Execute steps in strict order: 0 → 0.5 → 1 → 2 → 2.5 → 3 → 4 → 5. Do not skip or reorder any step.

Step 0: Collect Changes

git diff --cached
git diff --cached --stat
git diff --cached --name-status

If no staged changes exist, output "无暂存变更，审查终止。" and stop.

Step 0.5: Detect Project Profile

Detect the project type once to determine which rule categories to activate.

# Detect framework
python3 -c "
import json, sys
try:
    with open('package.json') as f:
        d = json.load(f)
    deps = {**d.get('dependencies', {}), **d.get('devDependencies', {})}
    if 'next' in deps:
        print('react-nextjs')
    elif 'react' in deps:
        print('react-app')
    else:
        print('generic')
except:
    print('generic')
" 2>/dev/null || echo "generic"

# Count staged file types
git diff --cached --name-only | grep -cE '\.(tsx|jsx)$' || echo 0
git diff --cached --name-only | grep -cE '\.py$' || echo 0

Record the detected profile — it determines active rule categories:

Profile	Condition	Active Rule Categories
react-nextjs	`next` in dependencies	SEC + REACT + PERF + ASYNC + STR + LOGIC/BREAK + BIZ + REPO
react-app	`react` but no `next`	SEC + REACT + ASYNC + STR + LOGIC/BREAK + BIZ + REPO (001-007)
python-generic	Python files majority, no package.json	SEC + STR + LOGIC/BREAK + BIZ + REPO (001-006)
generic	No package.json or detection failed	SEC + STR + LOGIC/BREAK + BIZ + REPO (001-006)

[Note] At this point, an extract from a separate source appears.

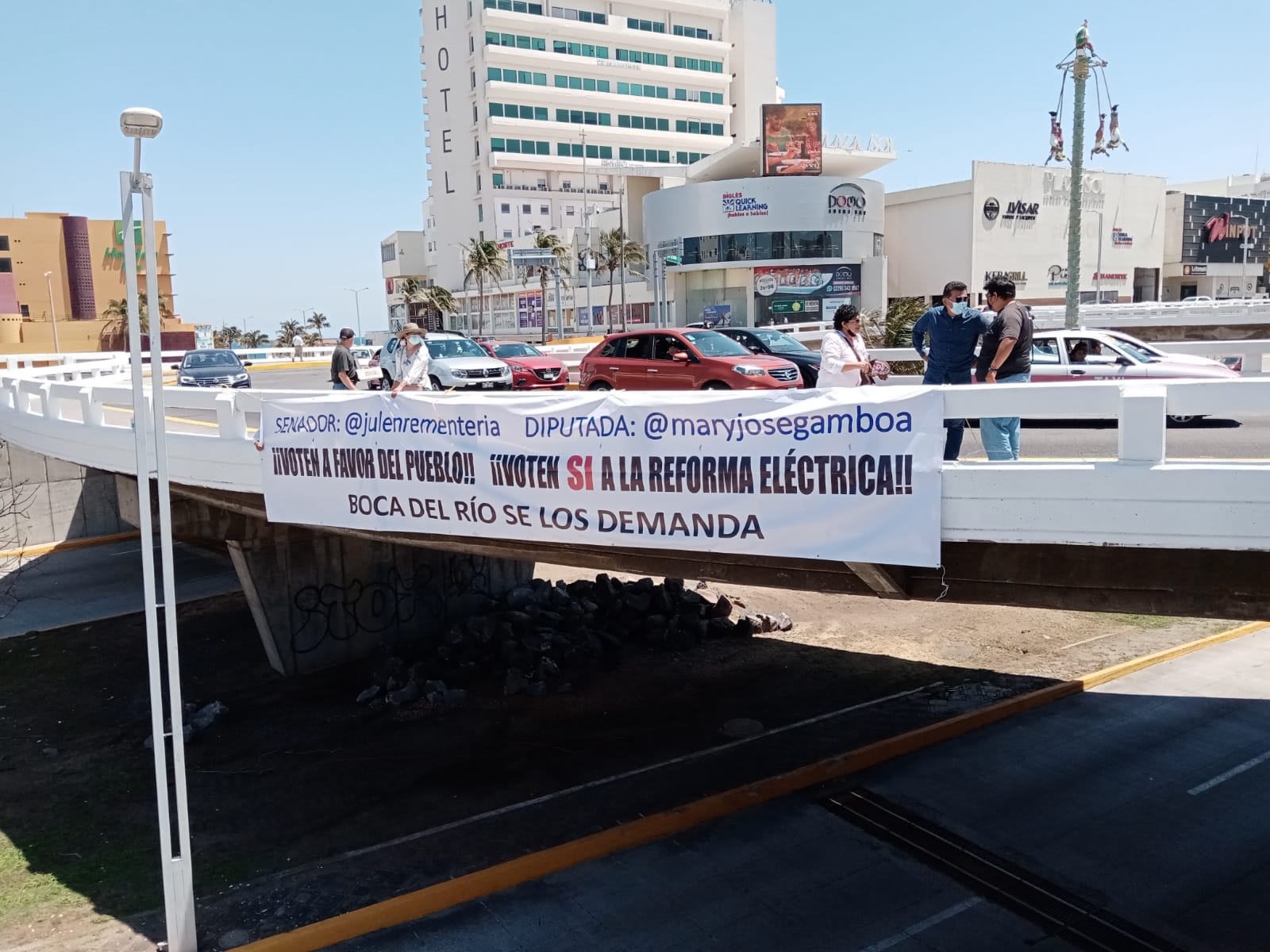 Boca del Río, Ver.-a 29 de Marzo 2022.- Desde este domingo un grupo de ciudadanos boqueños instalarón una lona gigante en la Plaza Las Américas donde exigen al Senador Julen Rementería del Puerto y a la diputada Mary Jose Gamboa que voten a favor de la reforma eléctrica. La lona hasta este martes permanece instalada en el lugar. Foto Ausencio RIVERA.
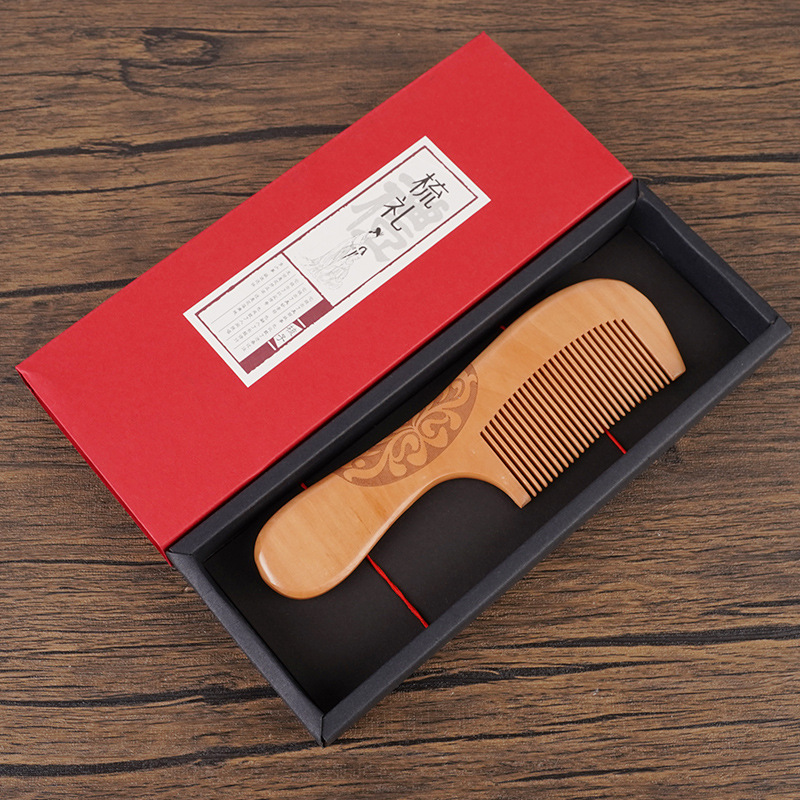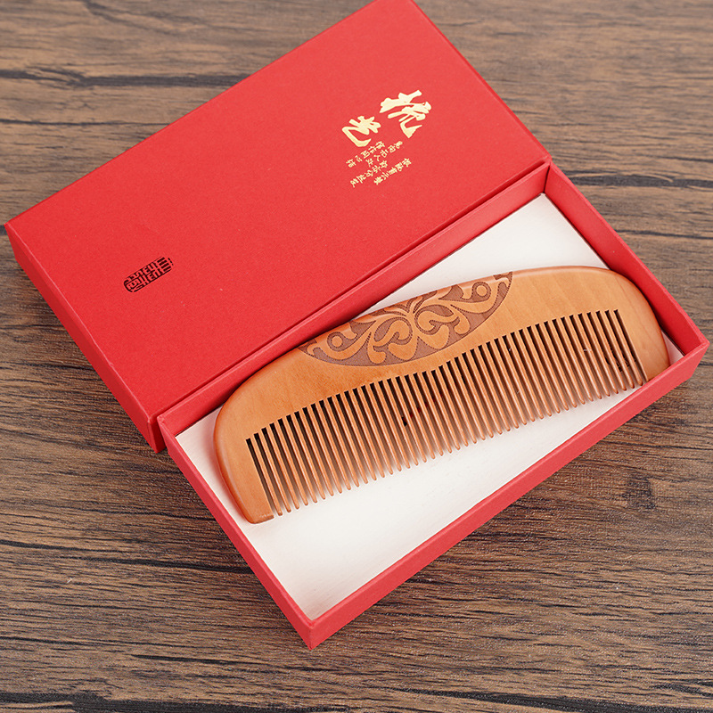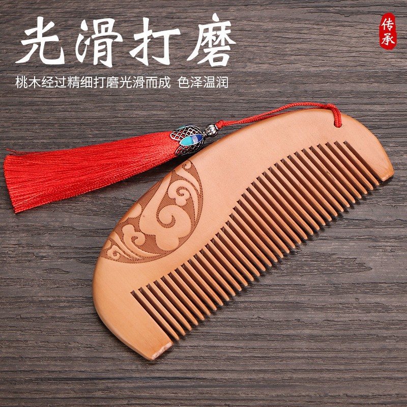 桃木梳子加厚礼品雕花梳子密齿旅游纪念大号木梳

REACT-* and PERF-* rules are skipped entirely for python-generic or generic profiles. REPO-007 requires react-nextjs or react-app; REPO-008 requires react-nextjs only. If detection fails, default to generic.

Step 1: Classify Files

Classify every staged file into priority tiers using the rules in references/review-rules.md §1.

Assign each file exactly one priority (P0–P4).
Skip P4 files entirely — do not read or scan them.
Sort remaining files by priority (P0 first, P3 last).
Record the file list for the report's "审查范围" section.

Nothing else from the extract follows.